Шрифт:
Закладка:
Годы избирательных кампаний, по-видимому, приучили ее к таким пустякам, как семейные ссоры в сумасшедших домах. Она лучезарно нам улыбнулась.
— Салют, Джоэл. — Ее глаза блестели, светлые волосы сверкали, она открыла свою сумку, и Джоэл в замешательстве уставился на чисто вымытые яблоки, виноград и персики, аккуратно завернутые в зеленый целлофан.
— Как ты сюда попала? — спросил он наконец.
— Я вспомнила одного парня, с которым встречалась прошлым летом в Хамптоне. Он работает в администрации госпиталя.
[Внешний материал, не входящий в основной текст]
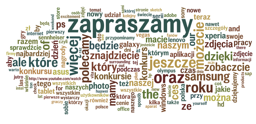 Zacznijmy od szybkiego spojrzenia na treści publikowane przez administratorów stron związanych z IT, takich jak Samsung, Nokia czy Intel – chmura tagów pozwoli na intuicyjny obraz tego, o czym i w jaki sposób się mówi: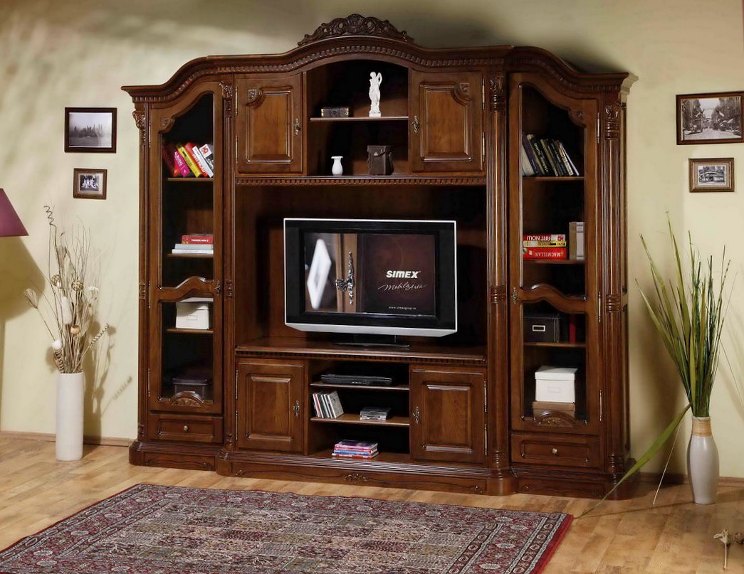 Великолепная стенка из массива в стиле современной классики станет украшением гостиной. Состоит нескольких шкафов разного назначения, среди которых есть и угловые. Один из них – для посуды или сувениров, он средней высоты с застеленной витриной. Более высокий узкий распашной угловой шкаф с зеркальной дверцей подойдет для одежды, к нему плотно примыкает тумба для ТВ и верхней открытой полкой. Завершает композицию еще один высокий распашной шкаф. На фото вы видите модель белого цвета, но клиент может выбрать любой понравившейся оттенок. При изготовлении на заказ производитель мебели может несколько изменить размеры стенки, для того, чтобы она хорошо «вписалась» в интерьер комнаты. Цена от этого не изменится.

— Но как ты узнала, что я здесь?
— Мне сказала Нора, — ответила она.
Он посмотрел на меня как на предателя, и я поняла, как может себя чувствовать человек, пойманный врасплох, небритый, в старом выцветшем больничном халате, с бумажными тапочками на ногах. Но уже не было времени ничего объяснять. Джоэл и я грустно молчали, а Шерри, усевшись на скамейку рядом с нами, совершенно не обращая внимания на зарешеченные окна и толпы сумасшедших, взахлеб рассказывала нам о статье в газету, которую она попросила написать.
Пока она болтала, Джоэл непроизвольно глубоко вздохнул. Я бы не обратила внимание, пока он не вздохнул снова. Тогда я вспомнила нашу мать: она вздыхала так, когда последний раз была дома. Это был необычно теплый майский день, и она открыла все окна, чтобы запах лилий проникал в комнату. Весь день она лежала в этом сладком теплом воздухе, глубоко вздыхая, повернув голову к телевизору, откуда доносились смех и болтовня. В эту ночь отец снова отвез ее в пансионат. А на следующий день она была мертва — нашла ножницы в сумке у сиделки.
Шерри чирикала, а я смотрела на Джоэла. В его глазах была скука, лицо побледнело. Как бы там ни было, я заберу его отсюда.
Когда к нам подошел врач, чтобы сказать, что визит окончен, я выпалила:
— Я собираюсь нанять частного психиатра.
— Зачем? — удивился Джоэл, а затем переменил тактику. — Я думаю, что ты права. Я, пожалуй, скажу им, что принял ЛСД прошлой ночью.
— Это будет прекрасно, Джоэл, — сказала я: я прекрасно понимала его, он имел в виду, что скажет об этом врачам, и вовсе не собирался признавать этот факт передо мной.
— Таким образом, мне не понадобится психиатр, — заключил он.
— Но, дорогой мой, боюсь, что тебе все же понадобится психиатр. Хотя бы для того, чтобы ты больше не принимал наркотики, — торопливо вмешалась я, — это будет всего лишь Эрика Лоренс.
Это его успокоило. Он познакомился с Эрикой, приезжая к нам на Побережье на каникулы, и ее причуды пришлись Джоэлу по душе. Несмотря на то, что уже многие годы они не встречались, он иногда спрашивал о ней. Возможно, ее напускная фривольность смягчала угрозу психиатрического вмешательства.
— Если это будет лишь Эрика, — сказал он, — тогда ладно.
Так, совершенно неожиданно, выполнив свою миссию, я поспешила побыстрее удалиться, пока он не создал новые трудности. Я поцеловала его в щеку, а он потрепал меня по плечу — наши детские склоки всегда скрывались под маской семейной солидарности.
И все же, проходя вместе с Шерри по коридору, я была обеспокоена. В этой солидарности таился острый подводный камень. Кажется, я начинала понимать: мы заключили молчаливый пакт об обмане персонала госпиталя.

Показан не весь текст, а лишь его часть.